Jarkko Kalervo Nieminen (born 23 July 1981) is a Finnish former professional tennis player. His highest ranking of world No. 13, achieved in July 2006, is a Finnish record. He has won two ATP singles titles and five doubles titles in his career. His best performances in Grand Slam tournaments have been reaching the quarterfinals of the 2005 US Open, the 2006 Wimbledon Championships, and the 2008 Australian Open.

Statistically Finland's best player to date, Nieminen is also the first and so far only Finnish player to have won an ATP singles title and to have reached the quarterfinals of a Grand Slam singles event. He is also notable for winning the shortest recorded Masters Tour tennis match in Open Era history, defeating Bernard Tomic in just 28 minutes and 20 seconds in the first round of the 2014 Sony Open Tennis. He was ranked inside the Top 75 11 times in 14 years (2001 to 2014).

On 23 June 2015, he announced his retirement from professional tennis at the end of the season, playing 2015 Stockholm Open as his last event.
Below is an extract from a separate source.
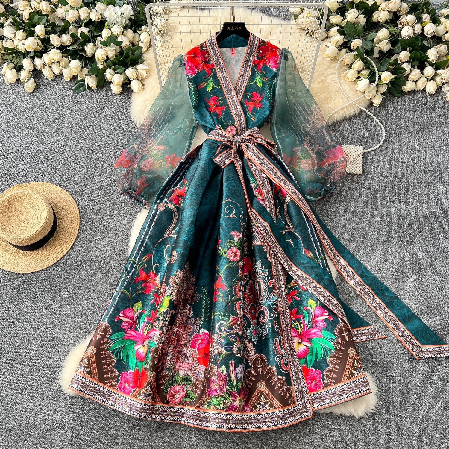 Look elegant and sophisticated in our French evening dress! Featuring a vintage design and mesh and print details, this dress is perfect for any special occasion. The ribbons add a touch of luxury while the long, casual cut makes you feel comfortable and chic. Make a memorable entrance in our exclusive French festival clothing!

His wife, Anu Nieminen, is Finland's top-ranked badminton women's single player.

In April 2016, it was announced that Nieminen will compete in floorball in season 2016–2017 at Finnish Salibandyliiga representing SC Classic.

Junior career
As a junior Nieminen reached as high as No. 9  in the world in 1999 (and No. 20 in doubles), and won the 1999 Jr US Open.

Career highlights

1999
Defeated Kristian Pless of Denmark to win his first junior Grand Slam, the US Open.
Finished the year at No. 11 in the world junior rankings.
Made his Davis Cup debut against Italy, losing to Andrea Gaudenzi.

2000
Won his first Davis Cup match, beating Mikael Tillström of Sweden in a dead-rubber.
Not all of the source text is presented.